What is it about dead couples that captures the imagination? Is it the idea that some people's love lifts them out of autonomy -- and that can be both transcendent and terrible? Is it pondering the ease with which people can slide from selflessness to self-destructiveness?
Whatever it is, there's been some ink devoted to the suicides of artists Theresa Duncan and Jeremy Blake. She took her life on July 3 this year; he followed a week later. Their friends are still groping for an explanation -- something about shared paranoia and conspiracy theories. The New York profile is a good start -- "Conspiracy of Two" (Aug 20, 07) -- and for those of us who remember when CD-ROMs and videogames for girls were cutting-edge, it's like a sobering footnote to the dot-com boom years the same magazine covered in "Silicon Alley 10003" (Feb 28, 00).
Vanity Fair follows with their Jan 08 piece, "The Golden Suicides," which echoes the New York narrative: Los Angeles' entertainment industry culture was rough on the couple, who had been riding high after a decade in which they were lauded as gaming-industry pioneers and included in the Whitney Biennial. VF also includes a link to the film Duncan made that was included in the Biennial.
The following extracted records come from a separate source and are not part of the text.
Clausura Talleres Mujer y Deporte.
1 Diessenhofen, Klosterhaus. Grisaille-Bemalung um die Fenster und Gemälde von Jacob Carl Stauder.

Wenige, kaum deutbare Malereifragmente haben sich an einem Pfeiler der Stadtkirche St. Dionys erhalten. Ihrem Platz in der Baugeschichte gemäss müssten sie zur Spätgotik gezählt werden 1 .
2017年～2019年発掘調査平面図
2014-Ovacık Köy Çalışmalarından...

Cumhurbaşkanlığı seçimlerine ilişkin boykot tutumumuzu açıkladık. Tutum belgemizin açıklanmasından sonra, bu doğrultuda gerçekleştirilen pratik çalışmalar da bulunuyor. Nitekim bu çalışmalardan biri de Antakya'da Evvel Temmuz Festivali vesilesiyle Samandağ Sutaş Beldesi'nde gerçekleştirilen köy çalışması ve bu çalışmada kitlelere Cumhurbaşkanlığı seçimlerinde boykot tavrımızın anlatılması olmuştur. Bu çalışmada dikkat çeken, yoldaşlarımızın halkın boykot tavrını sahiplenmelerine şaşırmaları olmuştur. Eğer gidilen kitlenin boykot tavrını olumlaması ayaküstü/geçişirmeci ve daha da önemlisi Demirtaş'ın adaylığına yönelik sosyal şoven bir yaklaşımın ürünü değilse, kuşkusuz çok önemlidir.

Those two pieces take a decidedly East Coast-centric view, blaming Los Angeles for wreaking havoc on the delicate psyches of two gifted artists. It's unsurprising that the L.A. Weekly's "The Theresa Duncan Tragedy" (Aug 1, 07) has a different perspective; in her take on the whole situation, the reporter argues that Duncan and Blake didn't develop demons in California; they had been there, sleeping, all along.
In any event, I think watching how this story was covered -- first by the nimble weeklies, then by the local publication, then by the national glossy -- demonstrates the staying power that the doomed-lovers trope has for storytellers and readers alike.
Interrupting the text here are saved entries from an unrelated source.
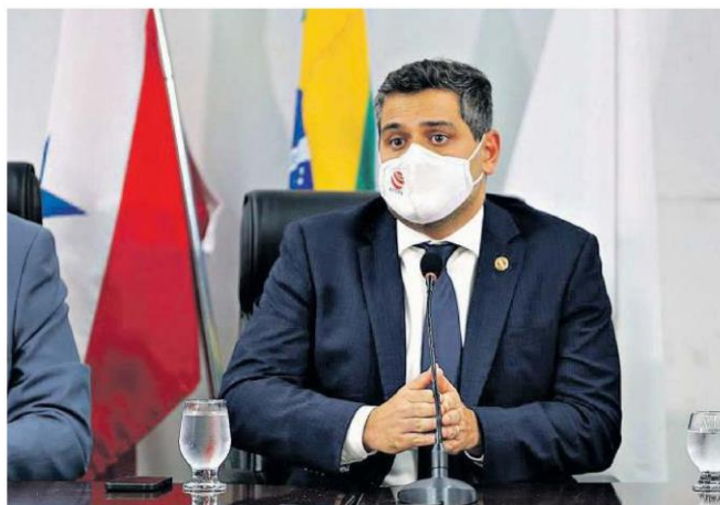
Segundo Ricardo Sefer, Constituição garante vagas a mais pelo número de habitantes

De acordo com a Constituição Federal de 1988, a representação popular na Câmara dos Deputados deve ser proporcional à população de cada Estado, devendo essa proporcionalidade ser ajustada no ano anterior às eleições. Em 1993, no entanto, foi editada a Lei Complementar n.º 78, que fixou o número de deputados federais, porém nada foi disposto sobre a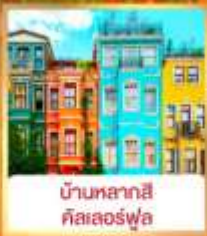
บ้านหลากสี คิสเลอร์ฟู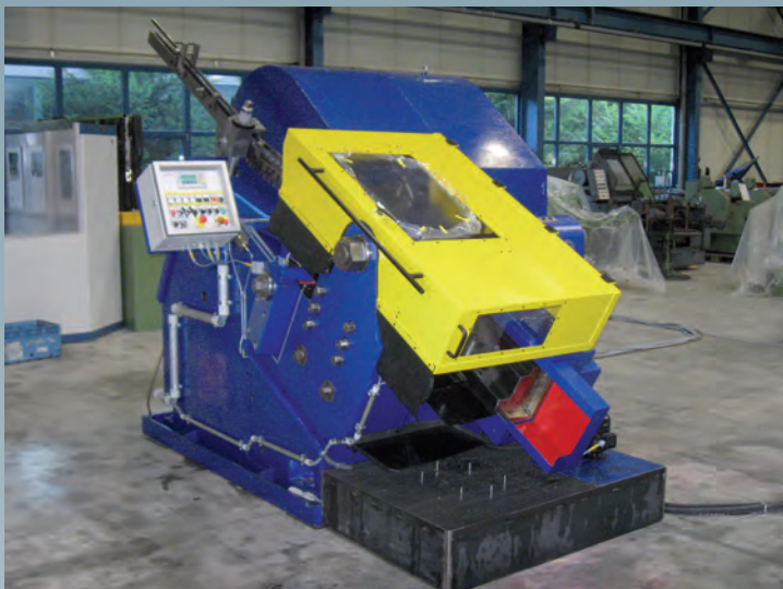
Nach der Generalüberholung

Neben der Generalüberholung wurde die Gewindewalze mit einem pneumatischen Bremssystem, einer neuen Elektrik und einer Ölaufbereitungseinheit ausgestattet.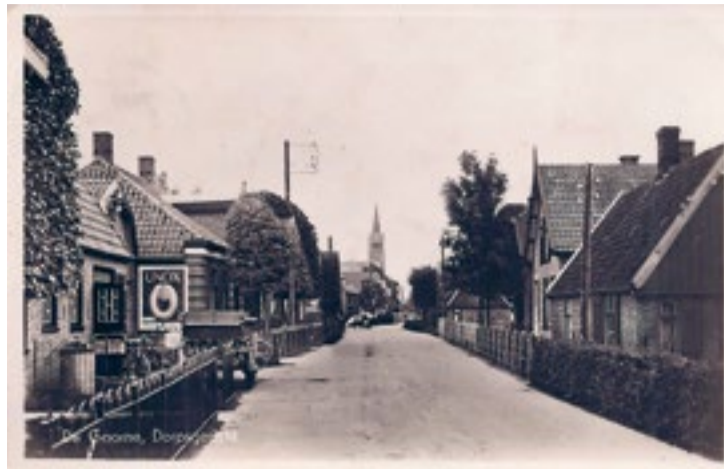
Dorpsstraat, De Goorn, ca. 1950

Wow, I really worshipped her in the mid-90s and didn't know about the suicide earlier this year. I'm sorry to hear it.
As awful as it is to think, and as antithetical as it is to the spirit of her early girl-games, we would not still be hearing about this story if Theresa had not been capital B Beautiful. The legs of the story may be somewhat attributable to the "doomed lovers" angle, but I think it's mostly about Beautiful Woman kills self, mixed with a bit of schadenfreude for tragedy befalling a dot-com success story.
Posted by: Kip | 2007.12.21 at 11:21
Capital B Beautiful and capital C Creative. It's what allowed everyone to overlook the signs of her mental illness.
What I find fascinating is how wrapped up in each other they were, and how her mental illness infected him until it was a mutual delusion.
Posted by: Kerry | 2007.12.21 at 12:40
Part of what fascinates me about one of my favorite authors is an almost unbelievably grim end-of-life story. Alice Sheldon, who wrote as James Tiptree Jr, suffered from depression her whole life. Her husband was himself suffering from Alzheimer's. One day, when his decline had progressed past some point only she could see, she shot him and then herself, leaving behind a suicide note she'd written a decade prior.
I highly recommend checking out her work. There's a collection entitled I think "Her Smoke Rose Up Forever" that contains all of her short fiction (which is really the only stuff worth reading; though her short work was brilliant, her novels were oddly terrible).
Posted by: Rochelle | 2007.12.31 at 05:21
It's funny you mention Sheldon/Tiptree -- "The Screwfly Solution," "Houston, Houston, Do You Read?" and "The Women Men Don't See" are three of my favorite sci-fi stories of all time.
However, I didn't know about her collection! I'll look for it.